Assignment:
All pictures should be dropped, and only the lines from the top of the entries below through the line containing "Праздничный музыкальный ночник-свеча" repeated exactly, both ends included.
**********
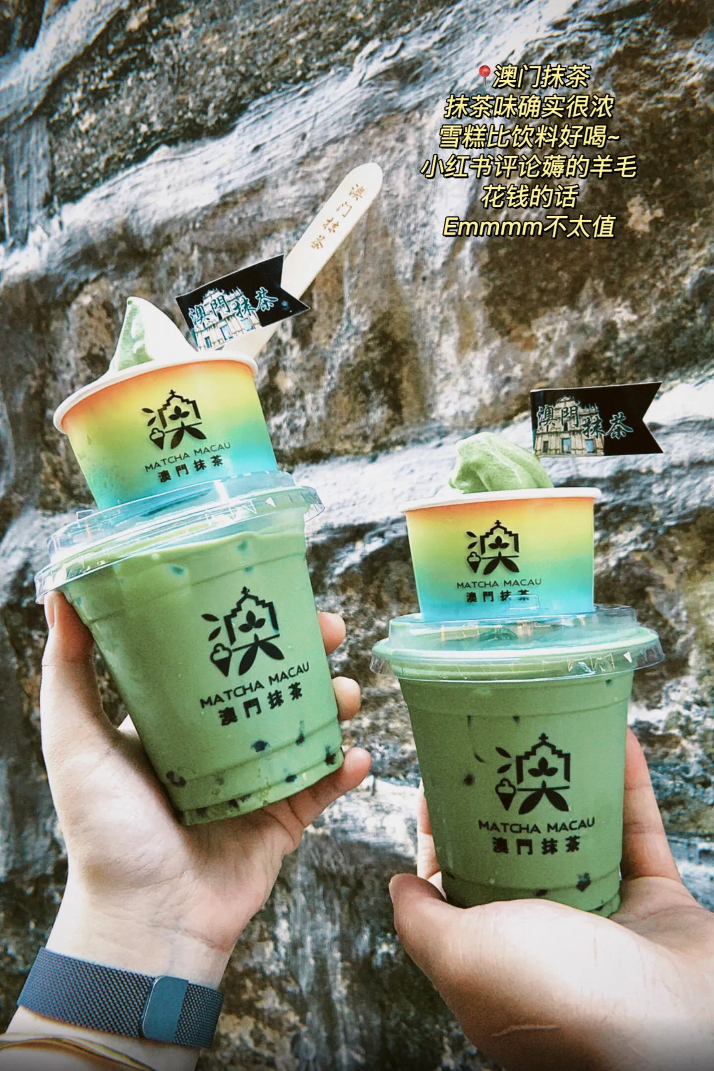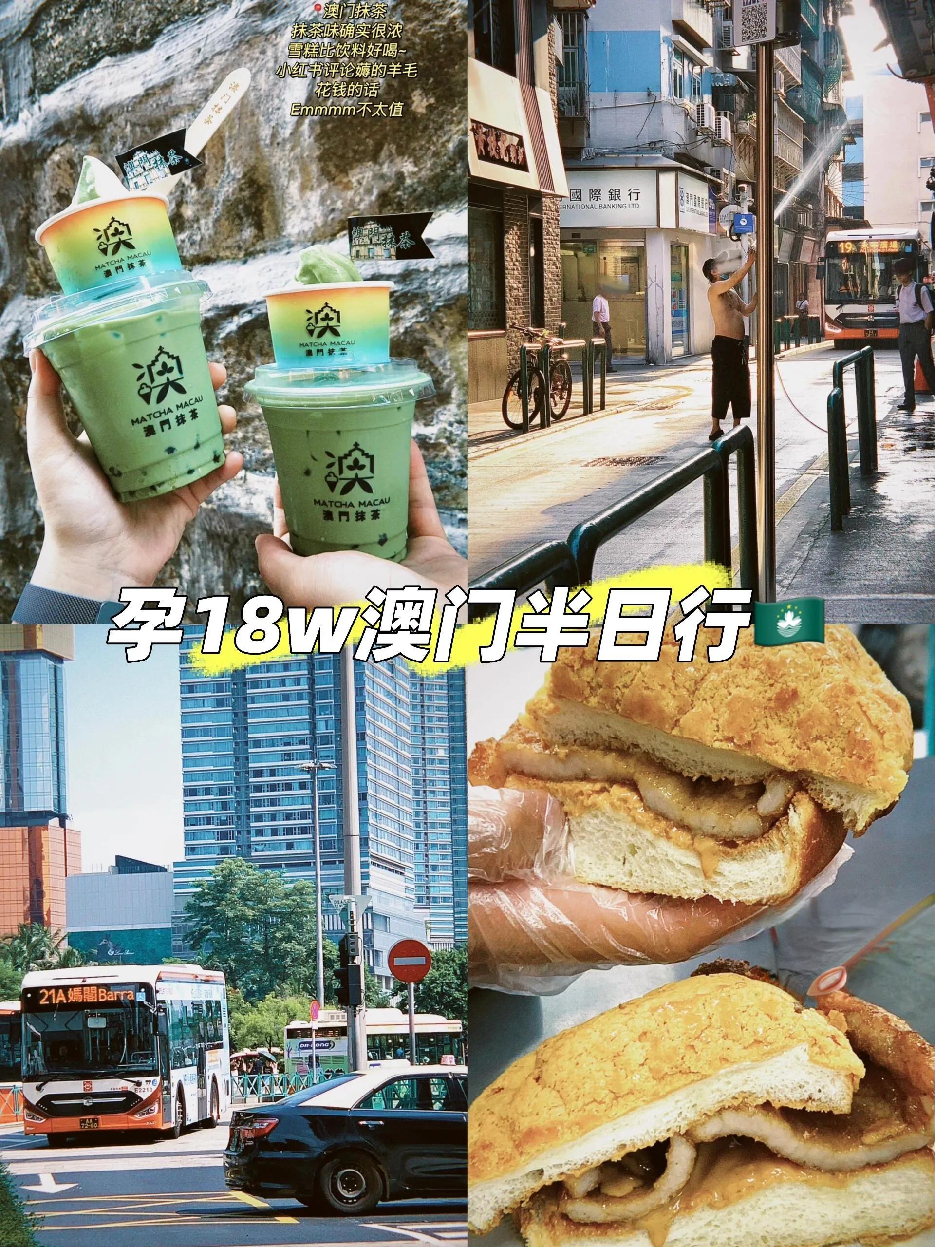 澳门抹茶店提供的抹茶味浓郁,相比之下雪糕更受欢迎。这几个地点步行距离都不远,最后从大三巴搭乘公交车返回关闸。
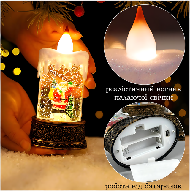 Праздничный музыкальный ночник-свеча AT-D10S 15.5×8 см, светильник с эффектом снежной метели, рождественский фонарь с подсветкой, работа от батареек AAA
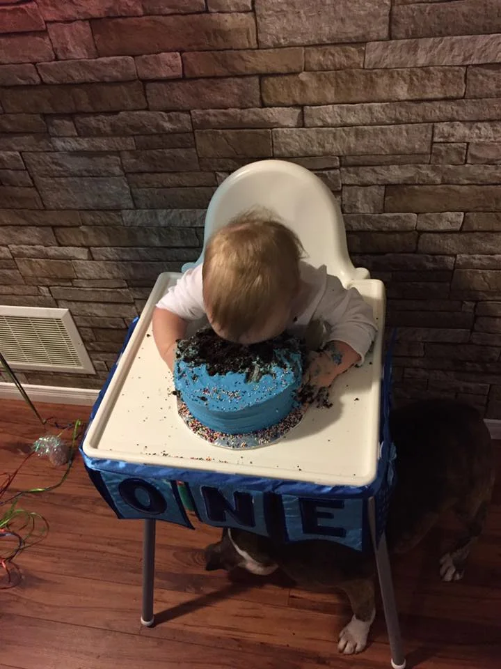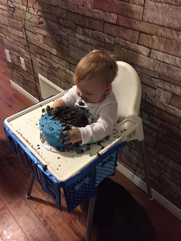 The party was a huge success, but the highlight was baby Oliver inhaling his very first birthday cake. Look at these awesome photos, starting with his epic face-plants into the chocolate cake...
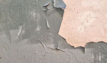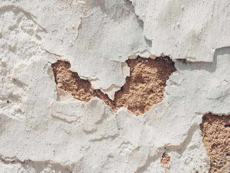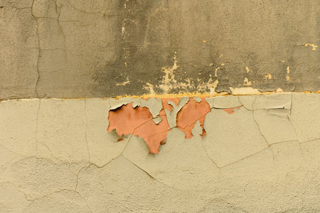 cracked peeling paint on old wall, closeup, background, aged and weathered surface of plaster, abstract dry grunge material, rough stucco texture, close-up from the dirty and grungy ancient house wall
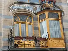 Les baies sont différentes aux trois niveaux. Au second étage, elles sont réunies en triplet. Au premier étage, le bow-window et la porte-fenêtre sont pourvus de verres américains sur leur partie supérieure. Un étonnant petit balcon surmonte le bow-window qui repose sur un culot ouvragé aux motifs végétaux. Une ferronnerie aux dessins complexes et élancés orne les balcons.
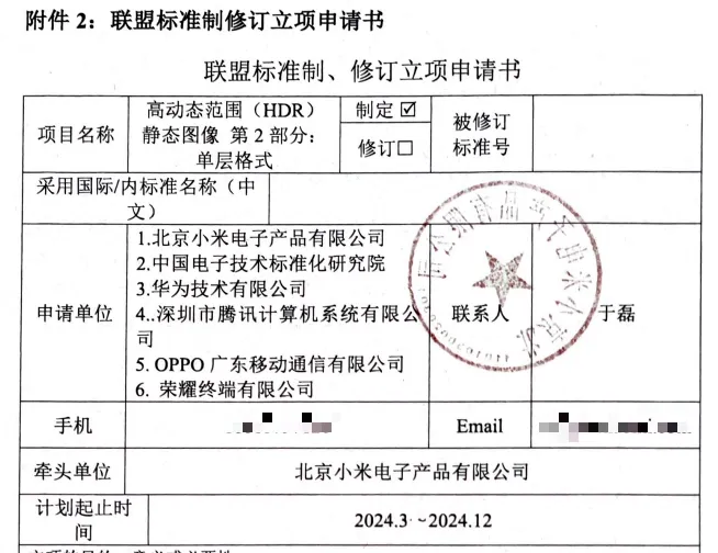 “小米牵头华为、腾讯、OPPO和光彩,团结申请定制单层HDR图像格式标准”。
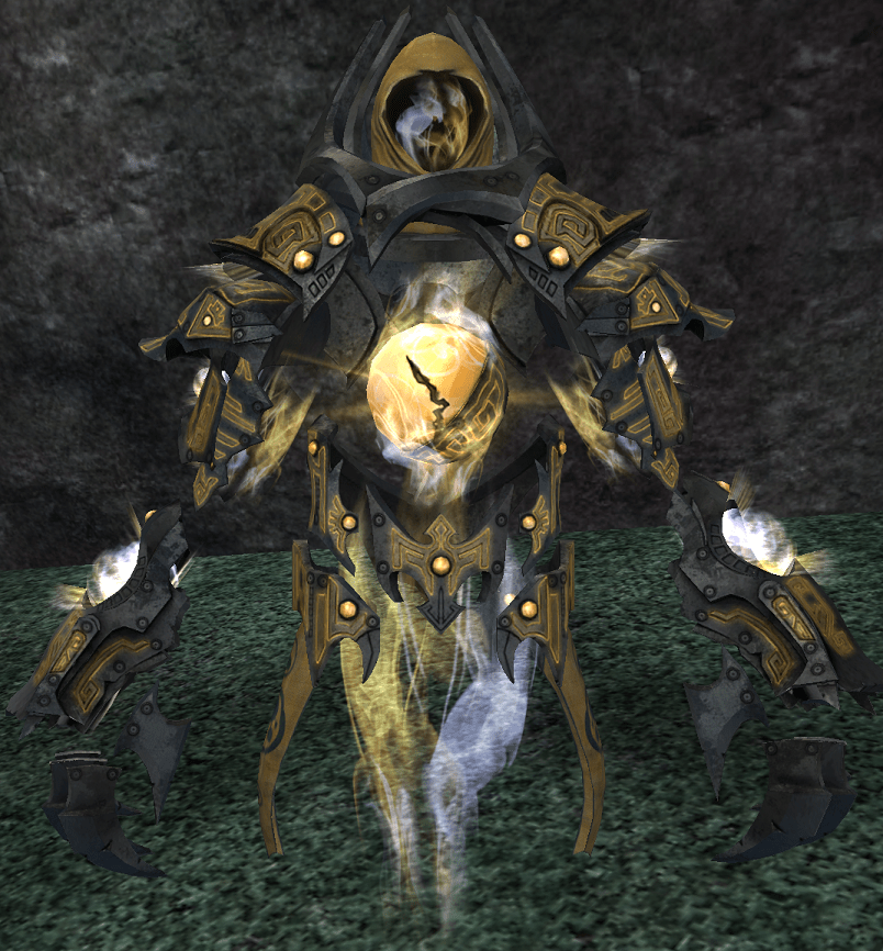 Same as Solusek-Ro, the Tribunal have sent a construct to act as their herald merchant. The merchant is faceless and wears a hood. Underneath the armour is a gold and blue glowing elemental with a large sphere in their centre.
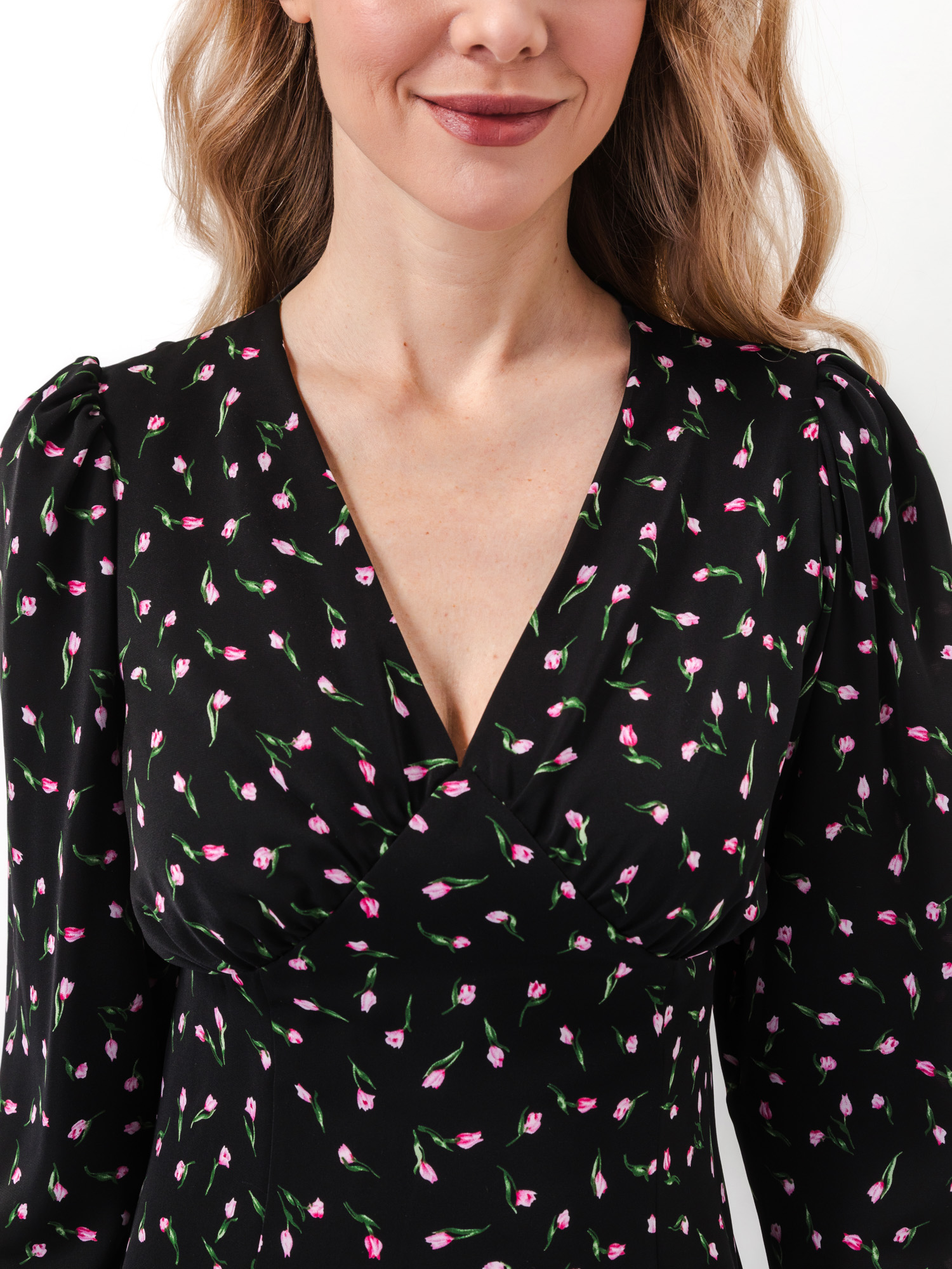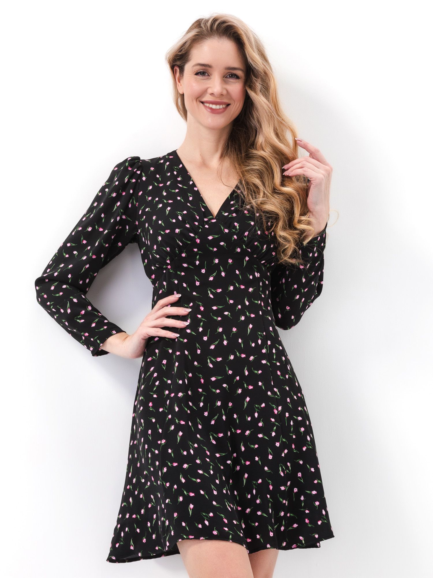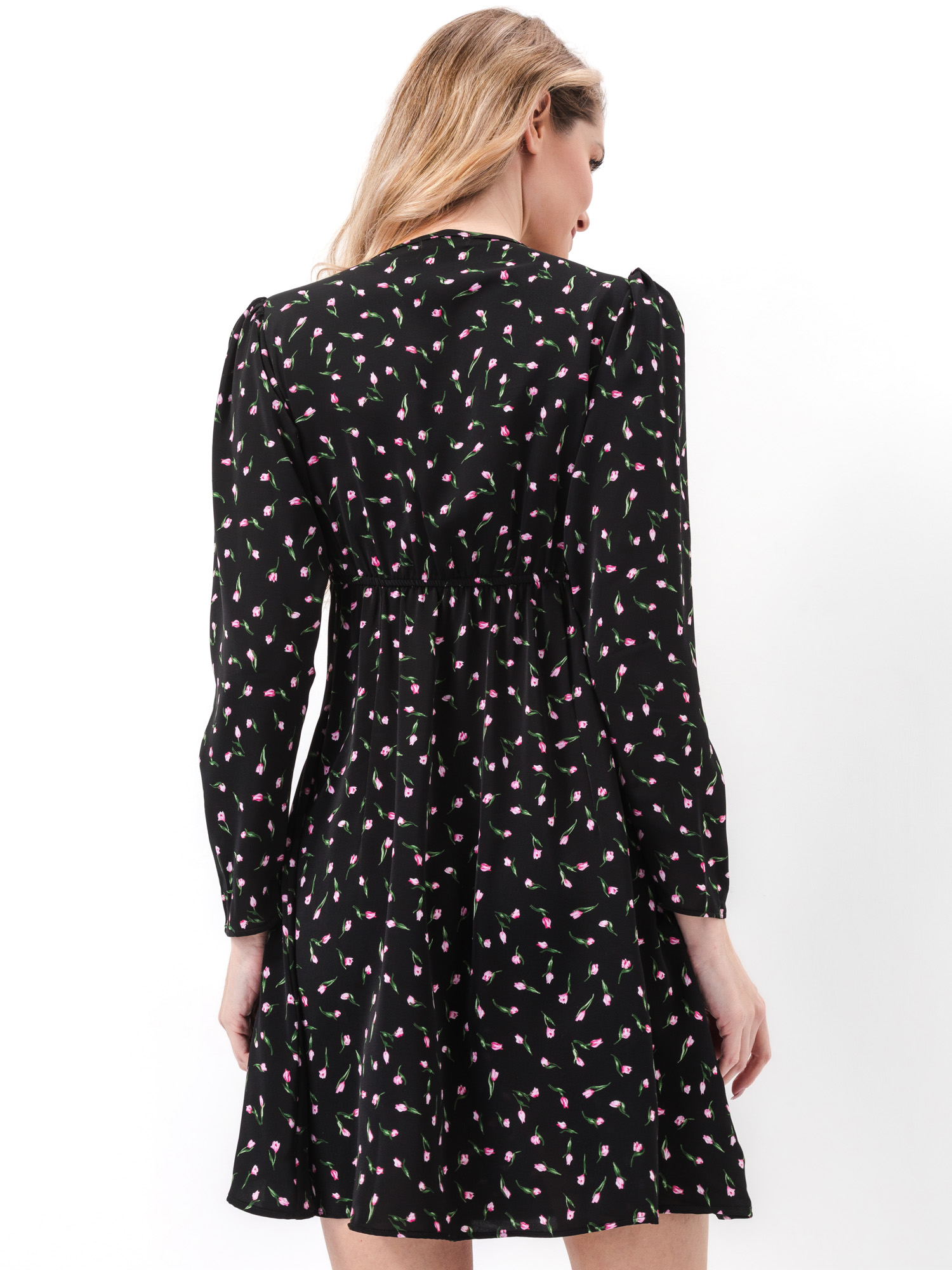 Платье мини Monic черное в цветочек
**********
Response:
 澳门抹茶店提供的抹茶味浓郁,相比之下雪糕更受欢迎。这几个地点步行距离都不远,最后从大三巴搭乘公交车返回关闸。
 Праздничный музыкальный ночник-свеча AT-D10S 15.5×8 см, светильник с эффектом снежной метели, рождественский фонарь с подсветкой, работа от батареек AAA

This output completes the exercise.